• What you have to do
What you return must be an exact copy of the lines in the listing below between the line holding "Het perceel waarop" and the line holding "Women's cotton shirt", inclusive, and nothing more.
=== Begin Enclosure ===
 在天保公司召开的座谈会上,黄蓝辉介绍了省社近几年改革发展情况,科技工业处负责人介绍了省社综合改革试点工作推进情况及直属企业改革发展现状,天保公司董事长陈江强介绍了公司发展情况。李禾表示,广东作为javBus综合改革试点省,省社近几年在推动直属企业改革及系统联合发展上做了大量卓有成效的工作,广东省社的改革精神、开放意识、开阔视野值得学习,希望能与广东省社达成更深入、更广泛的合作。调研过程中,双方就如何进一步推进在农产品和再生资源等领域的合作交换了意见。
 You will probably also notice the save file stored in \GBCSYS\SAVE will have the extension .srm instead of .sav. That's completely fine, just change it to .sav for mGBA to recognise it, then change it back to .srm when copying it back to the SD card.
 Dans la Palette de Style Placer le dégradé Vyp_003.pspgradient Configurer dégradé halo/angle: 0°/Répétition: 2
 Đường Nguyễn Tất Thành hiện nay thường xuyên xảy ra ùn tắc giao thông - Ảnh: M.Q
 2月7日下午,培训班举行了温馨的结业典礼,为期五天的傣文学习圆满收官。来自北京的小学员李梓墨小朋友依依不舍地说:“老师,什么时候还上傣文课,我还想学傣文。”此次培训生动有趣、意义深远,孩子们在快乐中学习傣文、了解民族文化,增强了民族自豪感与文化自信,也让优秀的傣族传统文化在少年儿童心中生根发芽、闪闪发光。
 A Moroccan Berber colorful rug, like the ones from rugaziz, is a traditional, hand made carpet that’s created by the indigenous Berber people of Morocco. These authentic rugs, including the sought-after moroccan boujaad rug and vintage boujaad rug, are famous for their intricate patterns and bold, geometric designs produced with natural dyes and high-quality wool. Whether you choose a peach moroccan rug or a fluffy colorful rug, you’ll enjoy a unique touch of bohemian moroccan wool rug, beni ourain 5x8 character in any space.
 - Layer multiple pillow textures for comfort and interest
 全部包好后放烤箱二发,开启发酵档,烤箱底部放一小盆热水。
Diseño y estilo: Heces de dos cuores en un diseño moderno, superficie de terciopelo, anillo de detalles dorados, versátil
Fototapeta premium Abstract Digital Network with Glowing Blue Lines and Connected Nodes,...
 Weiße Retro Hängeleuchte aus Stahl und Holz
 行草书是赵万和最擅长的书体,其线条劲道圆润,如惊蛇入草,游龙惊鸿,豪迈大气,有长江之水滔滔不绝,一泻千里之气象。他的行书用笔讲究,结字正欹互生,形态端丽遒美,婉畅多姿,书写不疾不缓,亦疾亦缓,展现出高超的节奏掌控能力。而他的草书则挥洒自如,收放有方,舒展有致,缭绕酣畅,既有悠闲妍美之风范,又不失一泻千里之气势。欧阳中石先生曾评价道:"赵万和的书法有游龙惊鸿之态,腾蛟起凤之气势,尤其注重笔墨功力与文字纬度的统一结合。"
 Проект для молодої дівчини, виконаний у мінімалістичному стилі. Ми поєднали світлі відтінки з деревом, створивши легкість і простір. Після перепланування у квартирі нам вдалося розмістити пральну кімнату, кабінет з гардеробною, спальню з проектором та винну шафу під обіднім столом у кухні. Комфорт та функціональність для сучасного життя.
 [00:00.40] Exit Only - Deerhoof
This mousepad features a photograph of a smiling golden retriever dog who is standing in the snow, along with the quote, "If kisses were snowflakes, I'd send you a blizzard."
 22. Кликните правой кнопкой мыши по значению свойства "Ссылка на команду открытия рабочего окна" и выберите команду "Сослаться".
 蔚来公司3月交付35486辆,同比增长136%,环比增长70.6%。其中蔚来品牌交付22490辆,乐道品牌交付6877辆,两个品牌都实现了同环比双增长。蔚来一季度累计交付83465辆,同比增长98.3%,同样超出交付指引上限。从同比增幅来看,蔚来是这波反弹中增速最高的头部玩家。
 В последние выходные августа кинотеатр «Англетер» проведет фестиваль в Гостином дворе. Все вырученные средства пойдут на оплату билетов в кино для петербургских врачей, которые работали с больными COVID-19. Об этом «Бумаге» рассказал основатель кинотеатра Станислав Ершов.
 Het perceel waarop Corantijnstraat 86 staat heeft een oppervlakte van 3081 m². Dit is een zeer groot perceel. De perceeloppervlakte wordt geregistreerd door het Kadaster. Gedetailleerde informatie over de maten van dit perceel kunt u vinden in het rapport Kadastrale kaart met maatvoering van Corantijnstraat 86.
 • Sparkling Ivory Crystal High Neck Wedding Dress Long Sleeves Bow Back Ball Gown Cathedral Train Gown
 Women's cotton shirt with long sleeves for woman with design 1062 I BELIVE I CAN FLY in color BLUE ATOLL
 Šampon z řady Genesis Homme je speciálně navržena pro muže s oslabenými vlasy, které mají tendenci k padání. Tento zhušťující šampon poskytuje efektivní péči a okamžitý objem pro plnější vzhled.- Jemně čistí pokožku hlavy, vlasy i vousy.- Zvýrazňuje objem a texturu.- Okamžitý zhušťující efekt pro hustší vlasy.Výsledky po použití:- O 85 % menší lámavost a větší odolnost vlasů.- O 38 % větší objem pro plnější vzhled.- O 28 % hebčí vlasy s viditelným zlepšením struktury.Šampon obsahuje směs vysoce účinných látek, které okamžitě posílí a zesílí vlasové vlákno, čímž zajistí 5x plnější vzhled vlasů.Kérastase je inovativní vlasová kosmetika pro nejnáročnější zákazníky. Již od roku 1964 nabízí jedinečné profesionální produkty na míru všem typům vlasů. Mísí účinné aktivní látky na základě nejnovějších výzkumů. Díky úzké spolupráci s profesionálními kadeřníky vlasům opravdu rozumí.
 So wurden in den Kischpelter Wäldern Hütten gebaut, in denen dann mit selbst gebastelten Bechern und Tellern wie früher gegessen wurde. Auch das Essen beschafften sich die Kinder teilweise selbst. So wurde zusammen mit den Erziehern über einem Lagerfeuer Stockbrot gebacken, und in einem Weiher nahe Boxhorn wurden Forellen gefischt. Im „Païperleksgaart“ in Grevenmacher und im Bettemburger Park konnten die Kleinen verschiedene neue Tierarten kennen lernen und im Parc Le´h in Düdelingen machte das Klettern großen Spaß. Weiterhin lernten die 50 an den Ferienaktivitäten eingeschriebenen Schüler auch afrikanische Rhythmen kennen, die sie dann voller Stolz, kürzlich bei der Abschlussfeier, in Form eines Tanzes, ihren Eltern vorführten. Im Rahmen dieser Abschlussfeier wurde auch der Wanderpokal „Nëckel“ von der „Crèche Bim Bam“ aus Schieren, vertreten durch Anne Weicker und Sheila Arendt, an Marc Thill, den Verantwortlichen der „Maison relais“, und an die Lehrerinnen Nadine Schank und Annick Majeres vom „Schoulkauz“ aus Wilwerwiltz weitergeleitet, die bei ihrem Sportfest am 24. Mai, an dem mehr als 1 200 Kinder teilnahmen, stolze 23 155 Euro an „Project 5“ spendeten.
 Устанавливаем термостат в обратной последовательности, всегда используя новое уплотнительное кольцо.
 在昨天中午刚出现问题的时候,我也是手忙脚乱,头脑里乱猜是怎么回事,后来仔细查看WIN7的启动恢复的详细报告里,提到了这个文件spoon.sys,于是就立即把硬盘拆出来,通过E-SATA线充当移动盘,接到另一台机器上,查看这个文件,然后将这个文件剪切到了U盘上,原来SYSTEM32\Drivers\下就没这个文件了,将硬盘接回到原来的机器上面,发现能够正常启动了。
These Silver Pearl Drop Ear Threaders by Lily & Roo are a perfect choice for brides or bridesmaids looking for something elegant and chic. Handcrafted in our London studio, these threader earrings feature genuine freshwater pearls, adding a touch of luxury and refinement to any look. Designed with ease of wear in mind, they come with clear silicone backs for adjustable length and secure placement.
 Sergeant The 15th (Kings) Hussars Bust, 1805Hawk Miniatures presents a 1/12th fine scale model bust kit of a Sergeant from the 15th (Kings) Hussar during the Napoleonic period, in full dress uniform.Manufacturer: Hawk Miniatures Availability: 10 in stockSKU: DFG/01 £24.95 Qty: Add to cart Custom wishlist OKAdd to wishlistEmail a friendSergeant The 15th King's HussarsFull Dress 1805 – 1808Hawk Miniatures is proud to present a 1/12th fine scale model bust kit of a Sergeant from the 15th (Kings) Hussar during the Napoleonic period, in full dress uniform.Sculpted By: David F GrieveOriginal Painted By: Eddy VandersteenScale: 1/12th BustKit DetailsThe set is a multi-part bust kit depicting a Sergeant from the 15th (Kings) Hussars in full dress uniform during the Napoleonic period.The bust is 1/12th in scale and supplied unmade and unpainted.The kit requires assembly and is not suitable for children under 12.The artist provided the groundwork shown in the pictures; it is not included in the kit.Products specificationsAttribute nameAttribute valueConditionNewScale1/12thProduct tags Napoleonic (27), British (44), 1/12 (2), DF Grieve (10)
=== End Enclosure ===
• Task result
 Het perceel waarop Corantijnstraat 86 staat heeft een oppervlakte van 3081 m². Dit is een zeer groot perceel. De perceeloppervlakte wordt geregistreerd door het Kadaster. Gedetailleerde informatie over de maten van dit perceel kunt u vinden in het rapport Kadastrale kaart met maatvoering van Corantijnstraat 86.
 • Sparkling Ivory Crystal High Neck Wedding Dress Long Sleeves Bow Back Ball Gown Cathedral Train Gown
 Women's cotton shirt with long sleeves for woman with design 1062 I BELIVE I CAN FLY in color BLUE ATOLL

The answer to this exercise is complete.